Lagi-lagi sebelum selesai bicara, tangan si alis lancip melancong, kali ini ke kepala bagian atas.
            “Bacot ni anak, udah cepet lepas helm langsung masuk!”
Bayangkan, ketika sudah siap marahin kekasihnya yang kurang ajar; siluman sabun bersikap tegas dan berwibawa, malah dibalas kurang ajar lagi. Semakin tak terima dengan perlakuan itu, siluman sabun mulai benar-benar murkah dan menunjukkan kelaki-lakiannya dengan melepas helm dan jaketnya secara keren.
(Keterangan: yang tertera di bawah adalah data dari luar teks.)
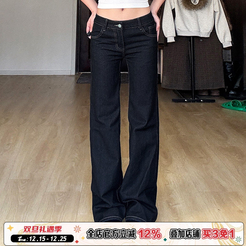 王家有鱼【古早蓝灰】2025秋季新款微喇牛仔裤中高腰不贴腿辣妹女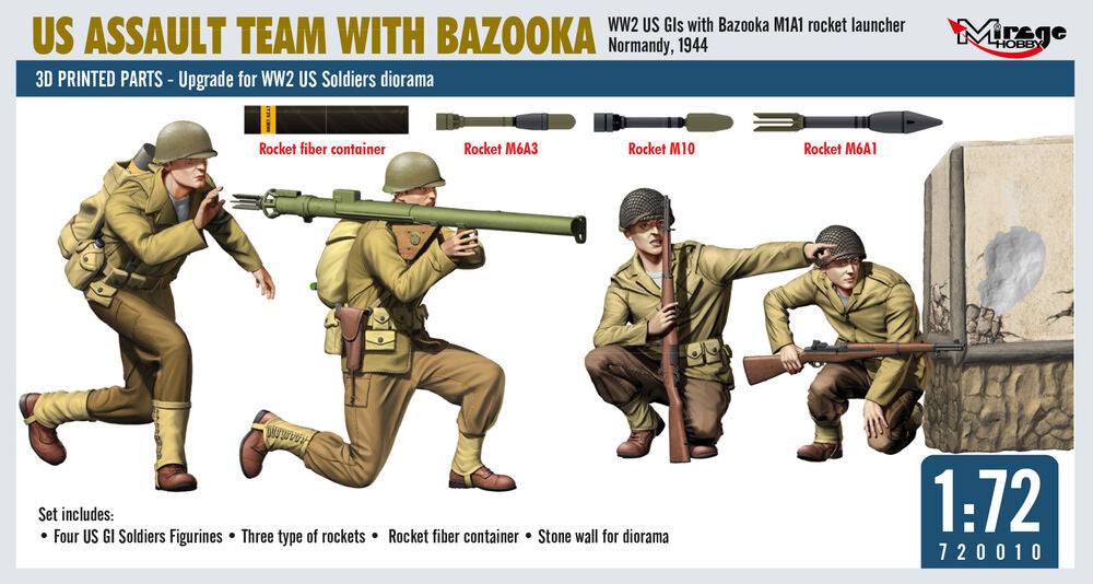 US ASSAULT TEAM WITH BAZOOKA, WW2 US GIs with Bazooka M1A1 rocket launcher Normandy, 1944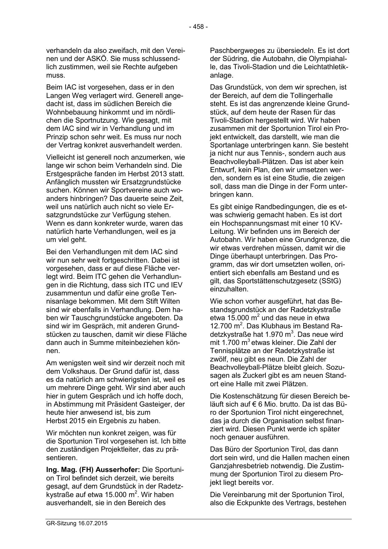 Ganzjahresbetrieb notwendig. Die Zustimmung der Sportunion Tirol zu diesem Projekt liegt bereits vor.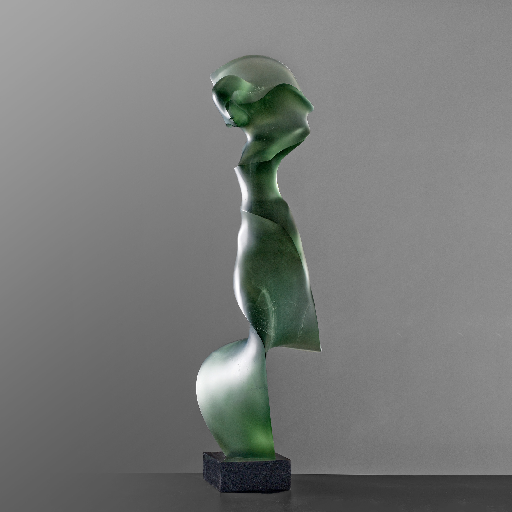 Mold melted glass, cut and polished, marble base. Note: This sculpture is available in custom colors on commission only.
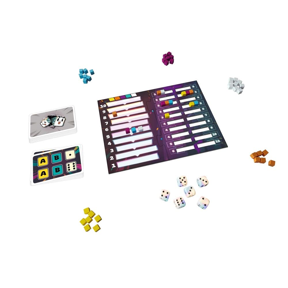 Inhalt: 55 Karten, 55 Spielsteine, 6 Würfel, Tableau, Übersicht, Spielanleitung.

Setelah sudah terlepas semuanya, mulailah siluman sabun memanggil kekasihnya dengan nada penuh kewibawaan dengan dagu naik keatas sambil bicara.
            “Sayang, kamu bisa nggak lebih sopan dengan lelaki? Aku ini lelaki, lebih lagi kekasihmu?”
            “Gimana ya ngejelasinnya, kamu tuh udah goblok, banget lagi. Pake bajumu!! Ngapain dilepas!”
Teriak si alis lancip, dalam hati siluman sabun berkata.
            “Tailah, kelebihan kerennya ini, gaada keren-kerennya. Kelepas sampe baju-baju segala, kebablasan”
Setelah dipakai bajunya, sudah tak ada lagi niatan untuk saling bicara. Mereka diam dan canggung. Sama-sama marah, tapi sama-sama cinta. Meskipun si siluman sabun jorok karena mandi gapernah pake sabun, wanita ber-alis lancip ini tetap mencintai dengan kekurangannya itu. Begitu pula sebaliknya.
Duduk dan makan seperti ketika sepasang kekasih sedang bermasalah, itulah yang mereka lakukan. Seperti itu terjadi sampai mereka pulang, tidur dan bangun keesokannya juga masih sama-sama tak memberi kabar. Karena gengsi meminta maaf.
Dari cerita ini kita bisa mengambil sisi positif untuk laki-laki. Stop nyabun! (bermain gelembung seperti anak kecil) dan jangan lupa mandi pakai sabun. Sedangkan untuk perempuan, sudah, jangan iku campur masalah sabun menyabun lelaki, itu berat, kamu gak akan paham! dan terakhir, dari lubuk hati yang paling dalam, bisa ga kalo bikin alis gausah tebel-tebel? Lancip lagi. Parah, mamak aku aja gak kek gitu loh.